Sentiment has been boosted because there are renewed hopes over a deal to end the conflict in Ukraine, while in China the government made a strong vow to ease regulatory crackdowns, something which sent Chinese and Hong Kong stocks, as well as U.S.-listed Chinese shares, surging.
- Earlier, the FT reported that Ukraine and Russia are working on a "15-point" peace plan.
- But Ukraine’s president spokesman Mihailo Podolyak in a tweet said that "the FT published a draft, which represents the requesting position of the Russian side. Nothing more. The side has its own positions. The only thing we confirm at this stage is a ceasefire, withdrawal of Russian troops and security guarantees from a number of countries"

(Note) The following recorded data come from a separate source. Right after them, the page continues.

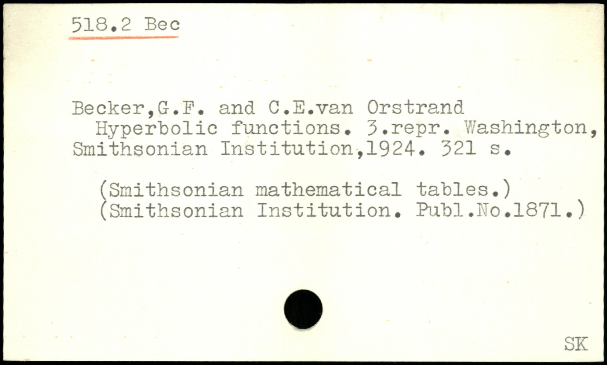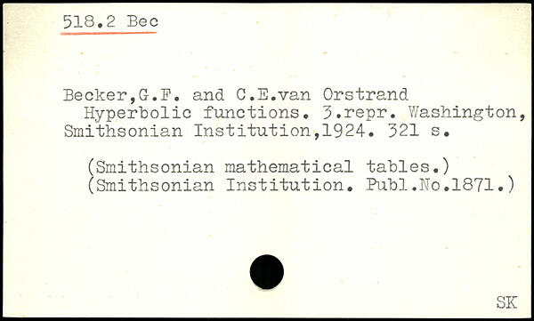 Becker,G.F. and C.E.van Orstrand Hyperbolic functions. 3.repr.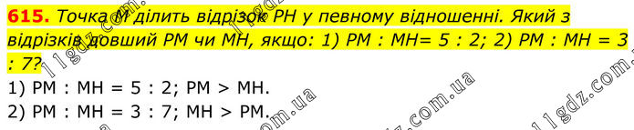 615. Точка M ділить відрізок PH у певному відношенні. Який з відрізків довший PM чи MH, якщо: 1) PM : MH= 5 : 2; 2) PM : MH = 3 : 7? 1) РМ : МН = 5 : 2; РМ > МН. 2) РМ : МН = 3 : 7; МН > РМ.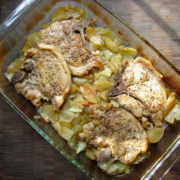 No necesita mezclas estas chuletas de cerdo o cualquier fritura en todos, y salgan tierna y deliciosa cada vez! También hacen su propia salsa, y las manzanas y las cebollas resultan agradable y suave de ser cocido al horno tanto tiempo.
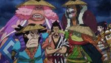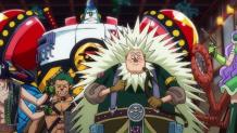 Facing Holdem who is holding Otama as hostage, Luffy prepares for a fight but Okiku tries to stop him by sharing who is really ruling the region. Meanwhile, Basil Hawkins who is also working for Kaido and chasing after Luffy, is confronted by a mysterious figure.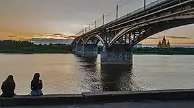 Pont de Kanavino à travers l'Oka et, au loin à droite, la cathédrale Saint-Alexandre-Nevski

- Kremlin had also said that creating a demilitarised Ukraine like Austria with its own army could be seen as a compromise.
Let’s see if talks will yield any real results, but the market has made up its mind, judging by the big stock market gains today.
Away from geopolitics, it is all about the Fed today. A 25 basis point hike is almost certain. The question is whether we will see a surprise 50 basis point hike or not, and how many more hikes will the FOMC signal for the rest of the year. The current market expectations are 7 in total for 2022. That’s one 25 basis point hike per meeting.
If the Fed proves to be more hawkish than the above expectations, we should see the dollar rally and gold drop, while if it merely meets those expectations, or is a bit more dovish, then gold should be able to regain some of its poise.